Wojtek Sokolowski sokol at jhu.edu
Thu Jun 7 12:58:04 PDT 2001


At 10:22 AM 6/7/01 -0700, Joanna wrote:
>At any rate, I see very few parallels between the US and the Soviet Union
>with reagards to the WWII. The US was perfectly happy so long as Germany's
>guns were pointing east.

The parallel I had in mind was not WWII behavior but nation-building and class structure. East (of the Elbe) Europe was characterized by strong nobility, weak peasantry and weak cities - which was a result of "colonization" of that part of the world in the middle ages (cf. Brenner, Agrarian Class Structure and Economic development in Pre-Industrial Europe, _Past and Present_ 97(1982): 16-113; Gella, _Development of Class Structure in Eastern Europe_ Albany: SUNY Press, 1989). Migration weakened peasant resistance to the lords, which strengthened the power of the latter, giving them in turn an upper hand vis a vis the cities. Feudalism persisted in E. Europe until the 2nd half of the 19th century, as opposed to W. Europe, where it vanished in the 14th century. As a result, cities and urban classes in E. Europe were underdeveloped vis a vis W. Europe. The only exception was Bohemia, whose gentry was obliterated by the Germans during the reformation - which allowed for a greater urban development in the 19th century, and freeing the intelligentsia from the spell of aristocratic ethos.

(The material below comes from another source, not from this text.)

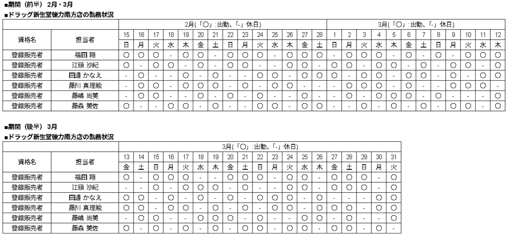 | 当店舗の資格者の勤務状況 |

That trajectory is quite similar to that of the US - where migration, both voluntary and forced (slavery + penal colonies) as well as from the east coast westward, weakened the community resistance to plantation owners, capitalists, and other entrepreneurs. Another parallel is the Civil War, which was mainly the war of northern industrial aristocracy on the southern agrarian aristocracy. In Eastern Europe, the indigenous agrarian aristocracy played the role of the south, whereas German and Austrian capital, later aided by the Russia (tsarist) government played the role of the north.

The end results are quite similar as well: both the US and E. Europe (except the Czech Republic) are not well urbanized (by W. European standards), the middle class/intelligentsia is coopted by the upper class, working class is not well organized - in a word, both suck in a similar way.